Каким чудом вопреки столь неблагоприятным предпосылкам девочка не выросла злюкой, как она стала моей матерью, этой приветливой, доброй, ненавидящей всякую ложь, внешне хрупкой, но удивительно стойкой и даже крепкой женщиной, от которой исходила такая оберегающая сила, особенно в любви, щедрой и всегда беззаветной?
Я остался на несколько дней в Гамбурге, приходил ее кормить, осторожно, дождавшись от нее кивка, просовывал в рот ложечку с кашей. Жевать она не могла, только глотать, и то медленно. Когда я приходил и потом, когда прощался, она пожатием пальцев подавала мне наш условный сигнал, наш давний код полного взаимопонимания.
А потом, как-то утром, я не обнаружил ее в палате. Ее перевели, сообщила соседка. Почему? Этого соседка не знала, но за ее незнанием, так я почувствовал, таится что-то неприятное.
Итак, маму перевели. В приемном покое, когда ее доставили, то ли решили, то ли понадеялись, что у нее частная страховка, и поместили в соответствующее дорогое отделение, под опеку главного врача. А страховка у нее оказалась самая обычная, компенсационная. Поэтому теперь ее перевели по назначению,в шестиместную палату. В моих глазах нет красноречивее свидетельства о наших временах и нравах, чем этот перевод по назначениюпосле стольких лет беззаветной трудовой жизни.
Больница, больничные порядки, виды страховок. Я спросил, сколько стоит палата в отделении для частных пациентов. Цена оказалась немаленькой. Я призадумался. Вдобавок ко всему, как мне тут же сообщили, и за все дальнейшие исследования и анализы тоже придется платить. Были названы суммы, которыми я просто не располагал. Так мама и осталась в шестиместной палате. Она заметила мое огорчение, мой гнев, да и мой стыд оттого, что я не в силах что-либо изменить, что не смог избавить ее от унизительного перевода по назначению.Она только пожала мне руку и через силу, половиной рта, попыталась улыбнуться.
Примечательным в этом переводе оказалось то, что ее с первого этажа переселили на второй, туда, где пятьдесят один год назад она произвела на свет меня. А еще – палата оказалась просторной и солнечной, с замечательными медсестрами, и ей там было очень хорошо. Она слушала смех, разговоры соседок, а еще все те, иной раз поразительные, истории болезней, которые, как и все истории на свете, повествуют о жизни.
Я сидел возле ее койки и время от времени поил ее из клювика поильника. Вокруг соседней койки собралось испанское семейство. Там оживленно беседовали и много смеялись.
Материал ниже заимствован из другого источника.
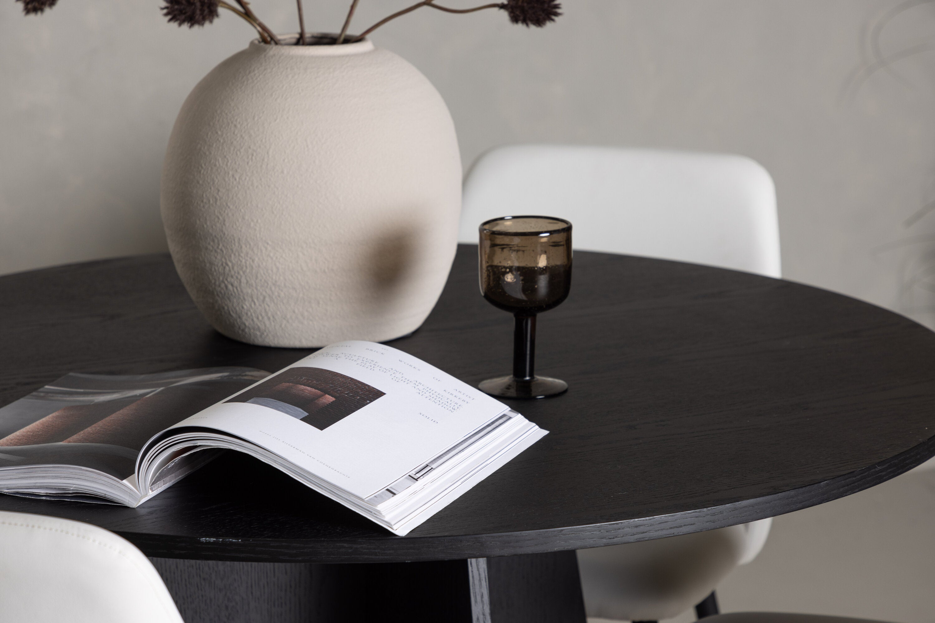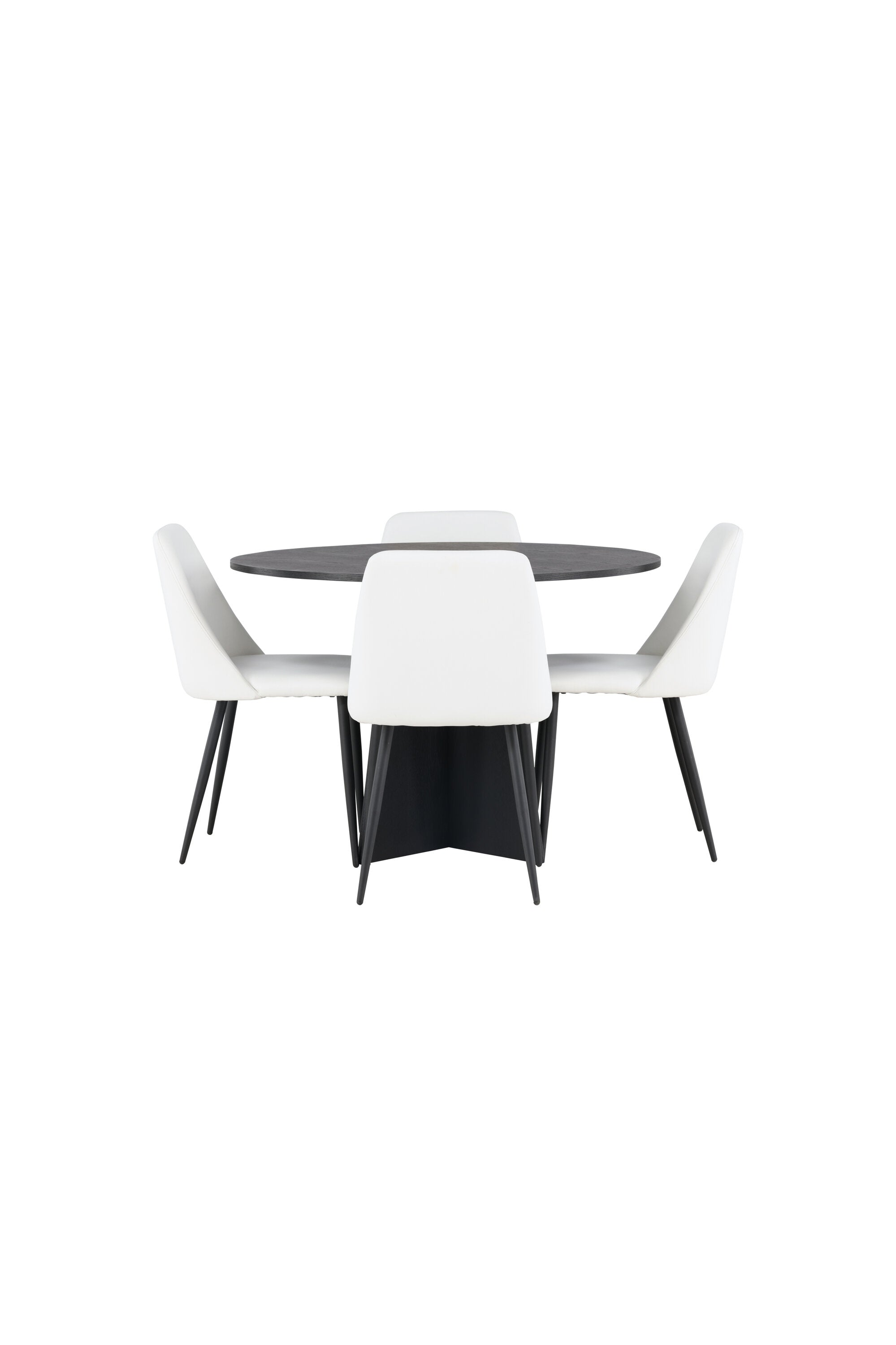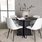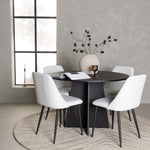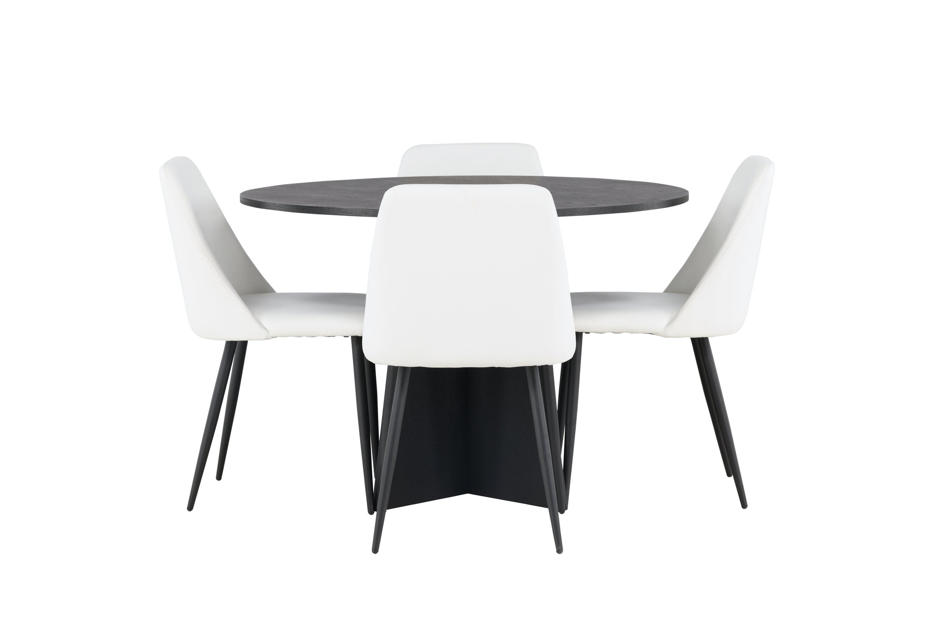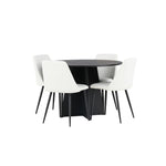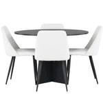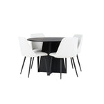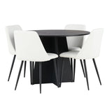 Bootcut kulatý jídelní stůl - černá / černá Fanéer + noční jídelní židle - černá / bílá PU _4

Посетители с аппетитом уплетали ветчину и оливки, прямо руками отрывая куски от длинных батонов и заворачивая их в ветчину. Угощали и меня.
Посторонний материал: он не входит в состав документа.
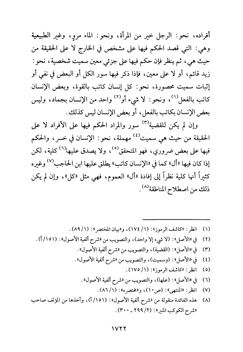 أَفْرَاده، نَحْو: الرجل خير من الْمَرْأَة، وَنَحْو: المَاء مرو، وَغير الطبيعية وَهِي: الَّتِي قصد الحكم فِيهَا على مشخص فِي الْخَارِج لَا على الْحَقِيقَة من حَيْثُ هِيَ، ثمَّ ينظر فَإِن حكم فِيهَا على جزئي معِين سميت شخصية، نَحْو: زيد قَائِم، أَو لَا على معِين، فَإِذا ذكر فِيهَا سور الْكل أَو الْبَعْض فِي نفي أَو إِثْبَات سميت محصورة، نَحْو: كل إِنْسَان كَاتب بِالْقُوَّةِ، وَبَعض الْإِنْسَان كَاتب بِالْفِعْلِ، وَنَحْو: لَا شَيْء أَو وَاحِد من الْإِنْسَان بجماد، وَلَيْسَ بعض الْإِنْسَان بكاتب بِالْفِعْلِ، أَو بعض الْإِنْسَان لَيْسَ كَذَلِك.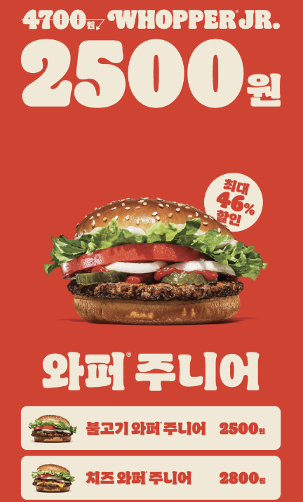 - 와퍼주니어 2500원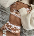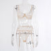 Women Flower Embroidered Sexy Lingerie Three Piece Set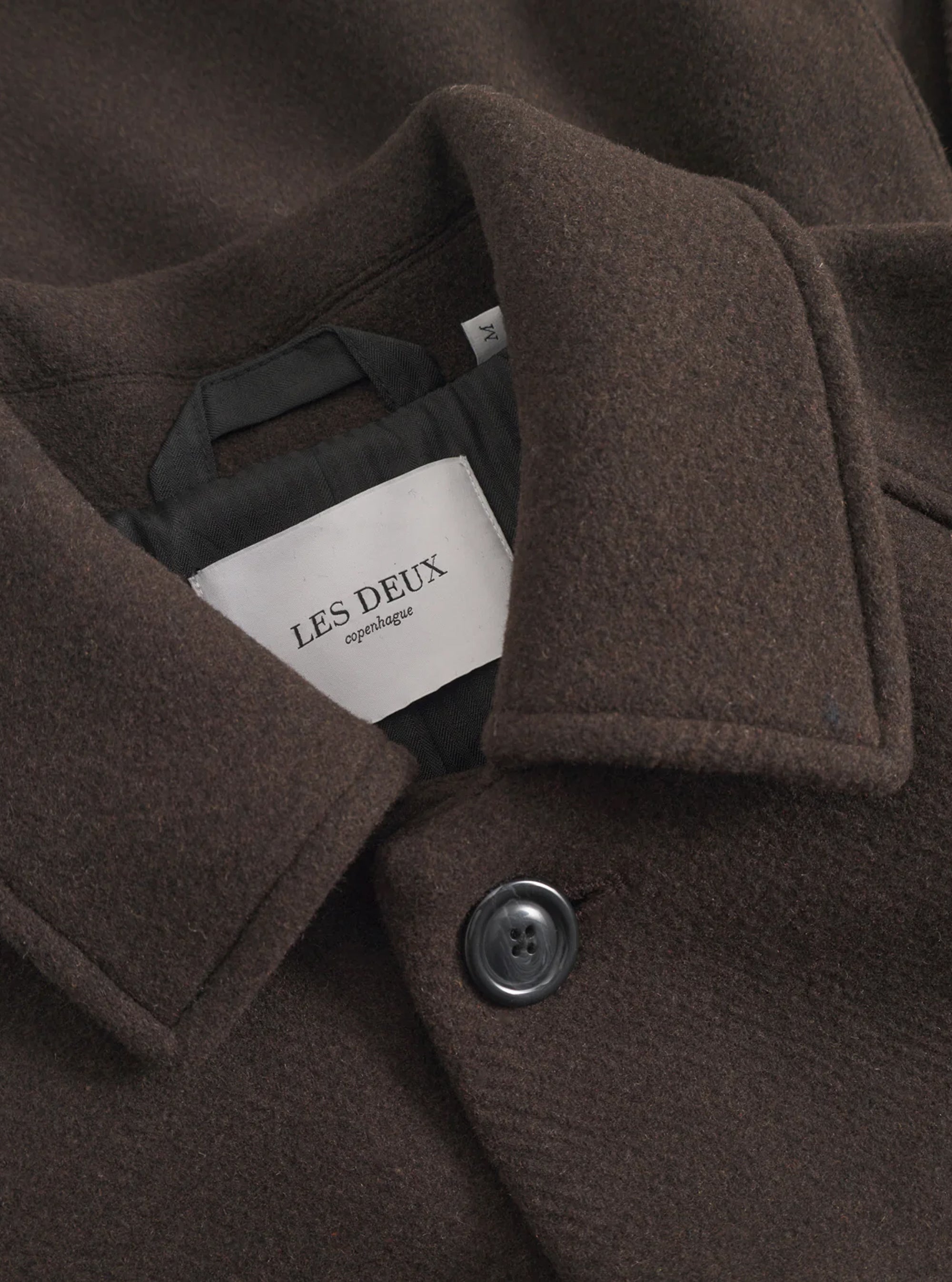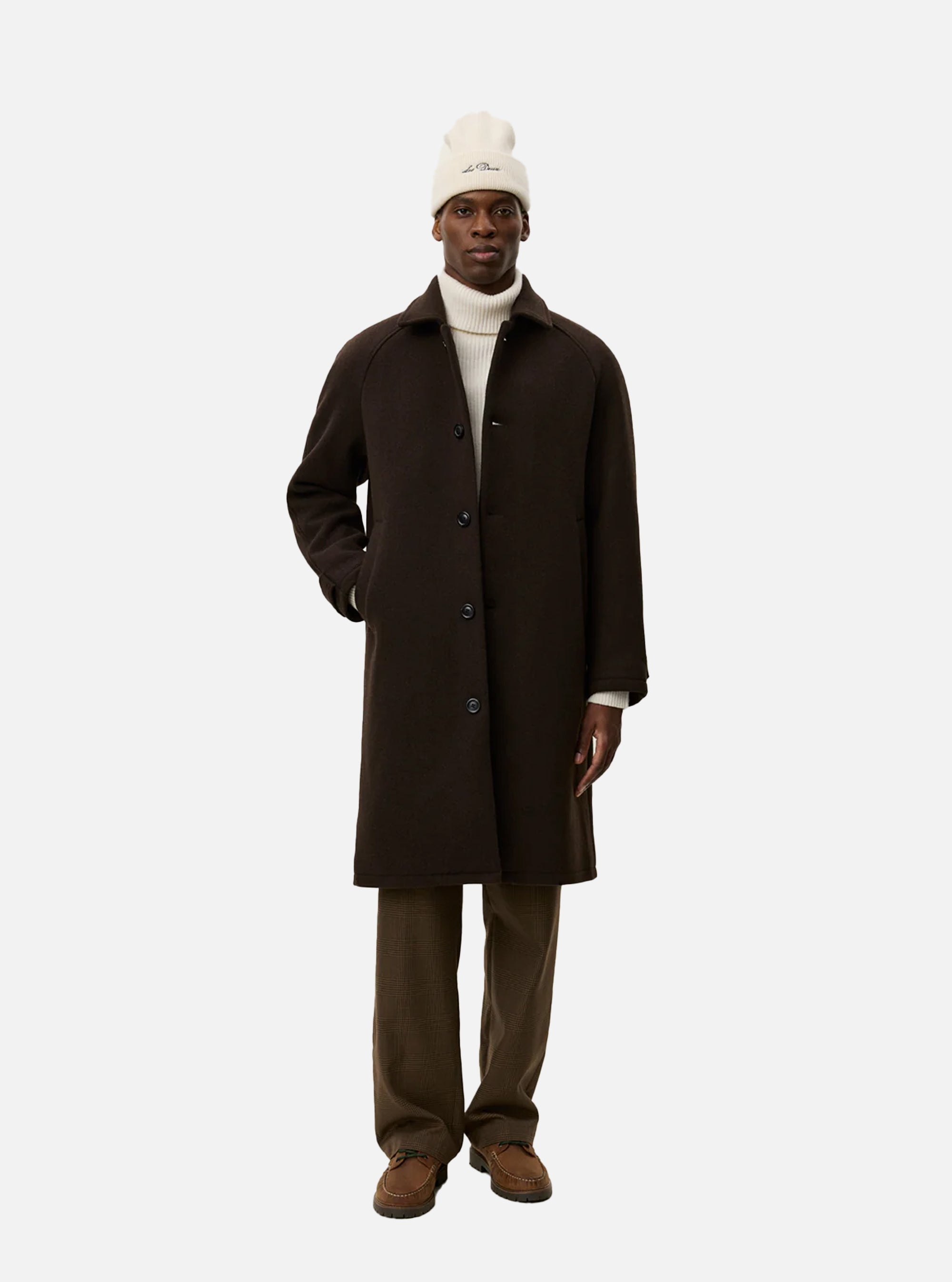 Forma atemporal, textura suave. El abrigo Michael de Les Deux es un clásico de mezcla de lana con líneas limpias, mangas raglán y un sutil guiño a la sastrería tradicional.

Меня поразило чувство покоя и глубокого облегчения, исходившее от матери, поэтому я снова и снова слегка пожимал ей руку, лишь бы побудить ее к столь радостному для меня ответному пожатию. По большей части я молчал, иногда рассказывал ей о доме, детях, о Дагмар, о моей работе. Она лежала и смотрела в окно. Голова после инсульта слушалась ее плохо, клонилась набок, но в окно смотреть она могла. Наверно, сестры специально выбрали для нее эту койку, чтобы ей не смотреть в глухую стенку. Время от времени она своей правой, не потерявшей чувствительности рукой трогала левую, тоже теплую и полную жизни, но ее она совсем не ощущала. А потом, о господи, она зевнула, – она, прежде при всяком зевке прикрывавшая рот рукой, как бы слегка его прихлопывая, зевнула так, как мне еще не приходилось видеть. Зевнула во весь рот, внутри которого инородным телом сам по себе двигался язык, большой и синий.
Солнце. Окно. Рука. Руки. Две руки. Пальцы, веко. Звук, тяжкая работа издавать звуки. Труд сказать «завтра», непомерный труд сказать «послезавтра».
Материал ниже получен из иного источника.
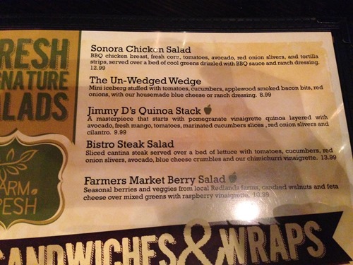 They have some fun looking salads on their menu as well as all kinds of other yummy dishes! Everything has names that are unique to Redlands like the Redlands Bowl Fries.
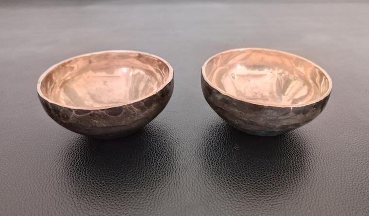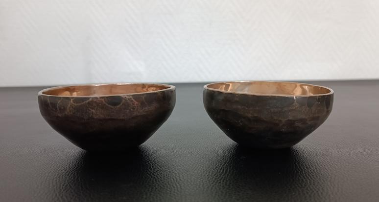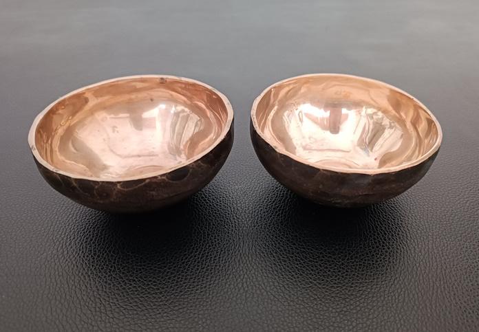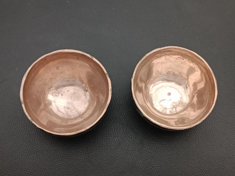 Paire de bols chantants en bronze martelé, intérieur poli. Travail artisanal généralement dans un alliage de 7 métaux.

Постепенно она как-то оправилась, уже могла произносить несколько слов. Что осталось при ней, даже в такой немощности свидетельствуя о полной ясности ума и трезвой оценке окружающего, – это ее юмор. Как-то после обеда я пришел в палату и застал всех остальных пациенток, глубоко пожилых женщин, в крайнем возбуждении. Опять ночью в палату заходил мужчина, какой-то старик, который якобы давно уже по ночам в женском отделении «колобродит». Мать, очевидно, все прекрасно понимая, только покачала головой, здоровой рукой слегка постучала себя по виску, а потом сделала движение, которым всегда изображала глупую болтовню, что-то вроде открывающегося клювика большим и указательным пальцем. С превеликим трудом, с третьего раза, ибо первые два я не разобрал, до меня дошла ее реплика:
– Им бы так хотелось...
Вошла медсестра, на мой вопрос заметила только:
– Ах, это старикашка Элерс, да какой он ходок, у него если что и заходит, так только ум за разум.
Яуехал обратно в Мюнхен. Несколько дней спустя маму выписали из больницы. Сестра моя за ней ухаживала, приходила и патронажная сиделка. Язвонил сестре.
– Маме уже лучше, она начала понемногу двигать пальцами правой руки. Погоди-ка.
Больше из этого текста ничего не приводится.